↓↓↓

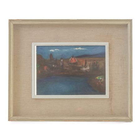 ALDO NAVA (1927 - 1980) Veduta di Firenze 1961 dipinto ad olio cartone 17,5 x 24,5 cm
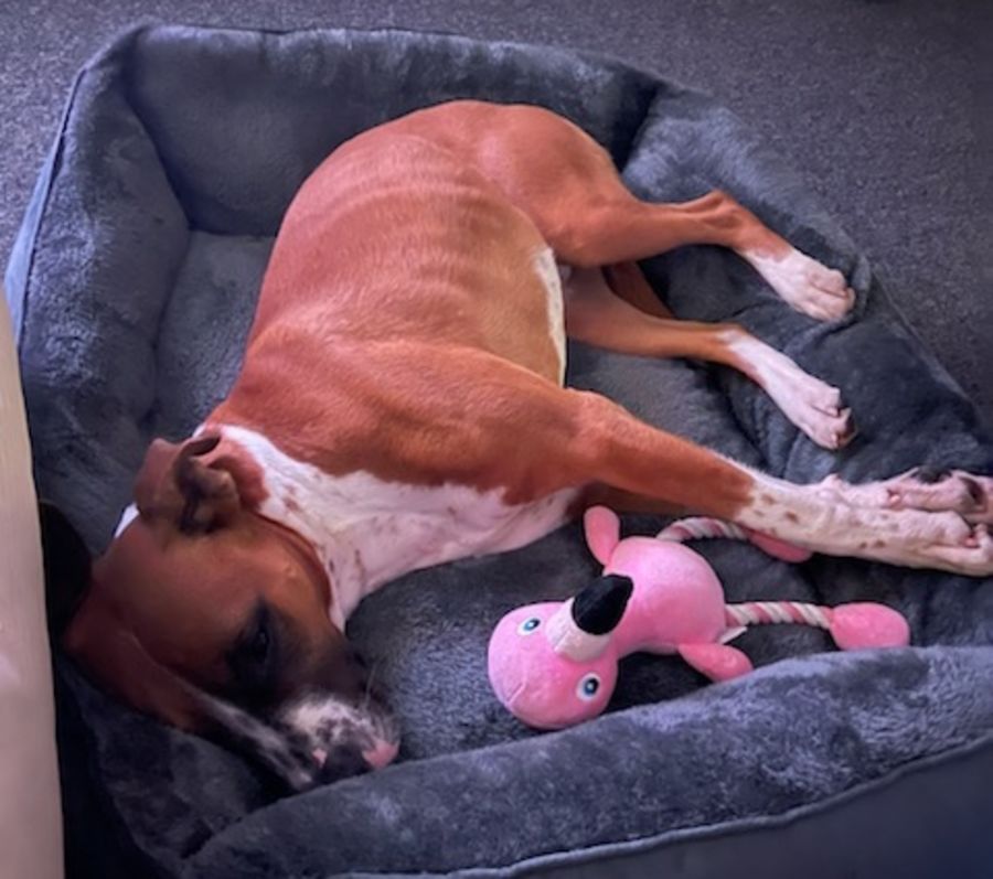 Rusty loves his comforts and comes inside at night and will “go to your bed” when given a treat. He will try to sneak up on the lounge next to you if given half the chance and has been sleeping on the end of my bed! He gets on well with my two ragdoll cats he will play with my 18 month old boy.
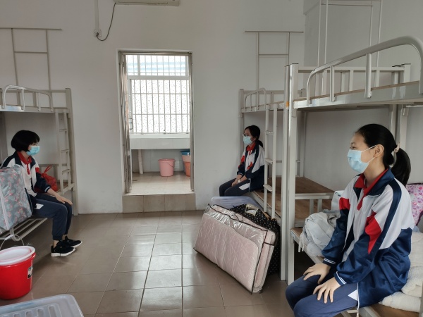 第一批次完成后,馬上組織第二批次的住宿生測(cè)量體溫,進(jìn)入校門,直達(dá)宿舍放行李后,在自己的床鋪上等候廣播通知,錯(cuò)峰下樓,保持間隔一米以上,由老師帶隊(duì)到檢測(cè)點(diǎn)檢測(cè)。檢測(cè)完成后,要求學(xué)生聯(lián)系在校門外等候的家長,立即離開學(xué)校。
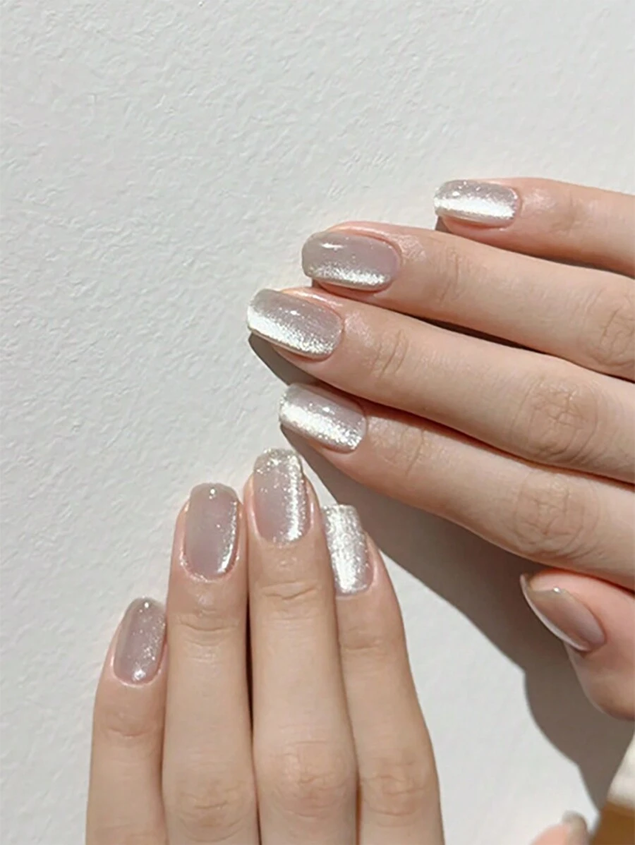32 件短方形按压指甲,银色和白色玻璃仿珍珠猫眼贴花,1 件缓冲剂和 1 件果冻凝胶,包含美甲用品

↑↑↑

• TASK
Without the pictures, repeat the listing word for word.

• RESULT FOR THIS EXERCISE
 ALDO NAVA (1927 - 1980) Veduta di Firenze 1961 dipinto ad olio cartone 17,5 x 24,5 cm
 Rusty loves his comforts and comes inside at night and will “go to your bed” when given a treat. He will try to sneak up on the lounge next to you if given half the chance and has been sleeping on the end of my bed! He gets on well with my two ragdoll cats he will play with my 18 month old boy.
 第一批次完成后,馬上組織第二批次的住宿生測(cè)量體溫,進(jìn)入校門,直達(dá)宿舍放行李后,在自己的床鋪上等候廣播通知,錯(cuò)峰下樓,保持間隔一米以上,由老師帶隊(duì)到檢測(cè)點(diǎn)檢測(cè)。檢測(cè)完成后,要求學(xué)生聯(lián)系在校門外等候的家長,立即離開學(xué)校。
32 件短方形按压指甲,银色和白色玻璃仿珍珠猫眼贴花,1 件缓冲剂和 1 件果冻凝胶,包含美甲用品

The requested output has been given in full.